When your old water heater is nearing its end, your plumber may recommend going with a tankless water heater. While each provides hot water when you need it, today, large water heater tanks are being replaced with tankless models. The following will describe the differences between a tank and a tankless hot water heater, and why many are considering making the switch.
Hot Water on Demand
Of course, the most obvious difference is that a tankless hot water heater does not require a container to hold hot water in. Instead of using a tank, like older water heaters do, a tankless model uses special heaters to bring water up to temperature when a consumer calls for it. This process results in the production of hot water only when requested, while a water heater with a tank will keep water at heated temperature continuously.

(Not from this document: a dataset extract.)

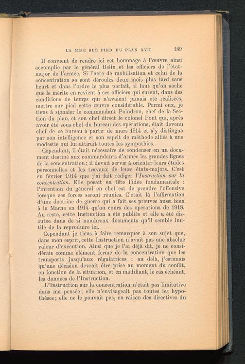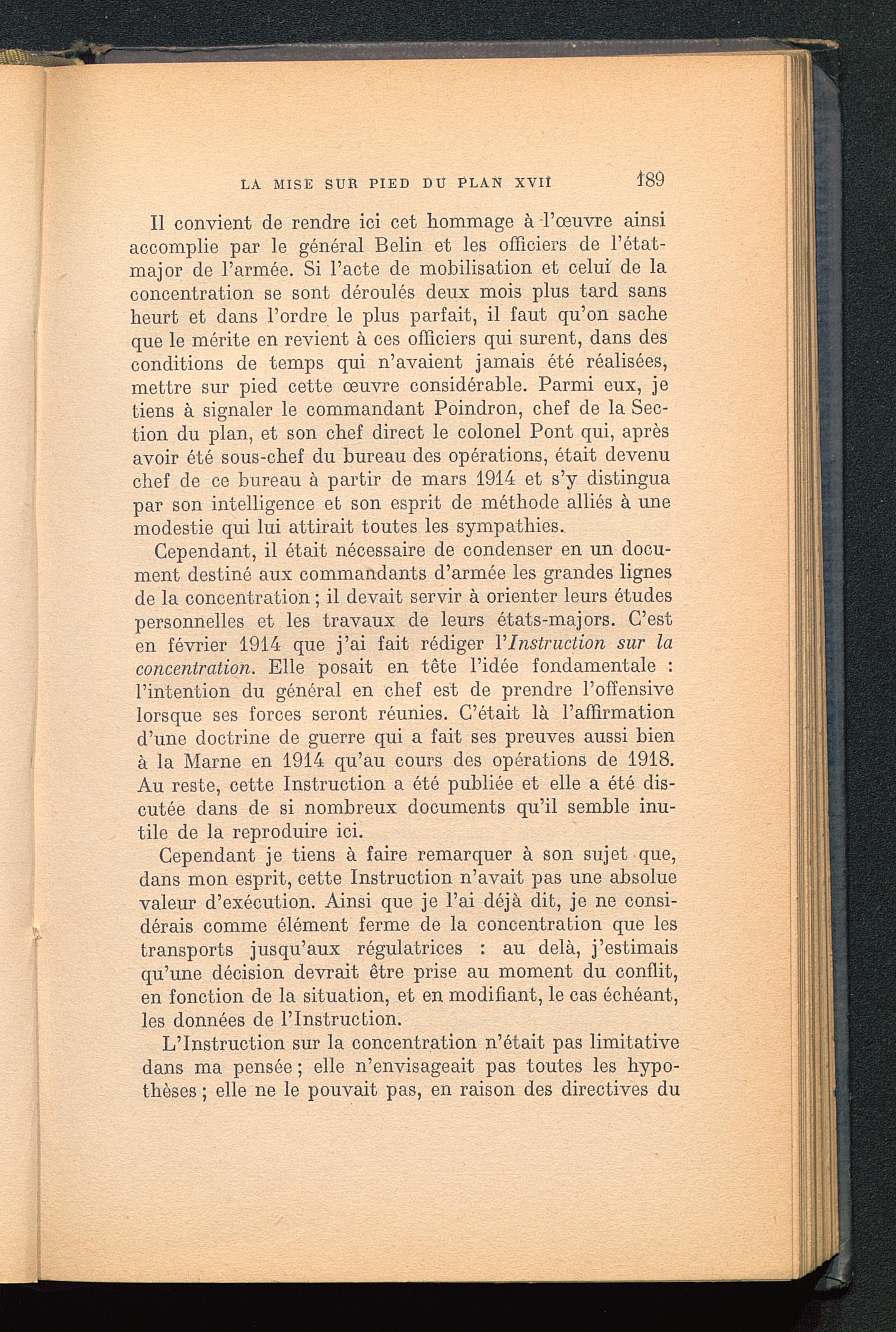 Il convient de rendre ici cet hommage à -l’oeuvre ainsiaccomplie par le général Belin et les officiers de l’état-major de l’armée. Si l’acte de mobilisation et celui de laconcentration se sont déroulés deux mois plus tard sansheurt et dans l’ordre le plus parfait, il faut qu’on sacheque le mérite en revient à ces officiers qui surent, dans desconditions de temps qui n’avaient jamais été réalisées,mettre sur pied cette œuvre considérable. Parmi eux, jetiens à signaler le commandant Poindron, chef de la Sec-tion du plan, et son chef direct le colonel Pont qui, aprèsavoir été sous-chef du bureau des opérations, était devenuchef de ce bureau à partir de mars 1914 et s’y distinguapar son intelligence et son esprit de méthode alliés à unemodestie qui lui attirait toutes les sympathies.

A tankless water heater uses less energy than one with a tank. How water kept in a tank constantly uses energy to maintain the water at an elevated temperature. Even if the water is not being used, the water stays hot. In contrast, with a tankless version, the water does not heat up until someone in the household needs it. While the tankless uses bursts of energy while heating, it uses little to no energy when there is no demand for it.
In addition, a tank water heater generally uses propane, natural gas, or electricity for power. Natural gas and electricity are the options usually available with a tankless model. The natural gas option is the most efficient in both the tank and tankless models.
Hot water output is another difference between tank and tankless water heaters. The amount of hot water you receive from of a water heater with a tank depends on the size of the reservoir. If the demand goes beyond the amount of hot water in the tank, the consumer may get a blast of cold water. With a tankless heater, the amount of hot water available is almost limitless because there is no need for a finite reserve.
Installation requirements for each type of water heater is a bit different. For a tank version, you will need a designated amount of square footage in which the tank sits. The plumber will need a source of power and water lines to the area as well. For a tankless water heater, the plumber will need wall space on which to mount the tank. The unit usually sits a few inches out from the wall surface. Again, a source of power and water lines will need to be near.
Maintenance requirements are different for tank and tankless water heaters. Every year manufacturers recommend that home owners flush a tank heater to remove sediment. These models also have sacrificial rods that need replaced every few years. For tankless models, filters that catch sediment need changed and routine flushing of the heat exchanger will do the job.
When you need to think about installing a new or replacing an old water heater, it is a good time to consider changing from a tank to a tankless water heater. Each has its advantages and disadvantages and the choice depends on the home owner’s preferences and regulations in the area. Some new subdivisions are requiring tankless water heaters. Most homeowners like the tankless option due to the energy efficiency and reduced danger of a water leak.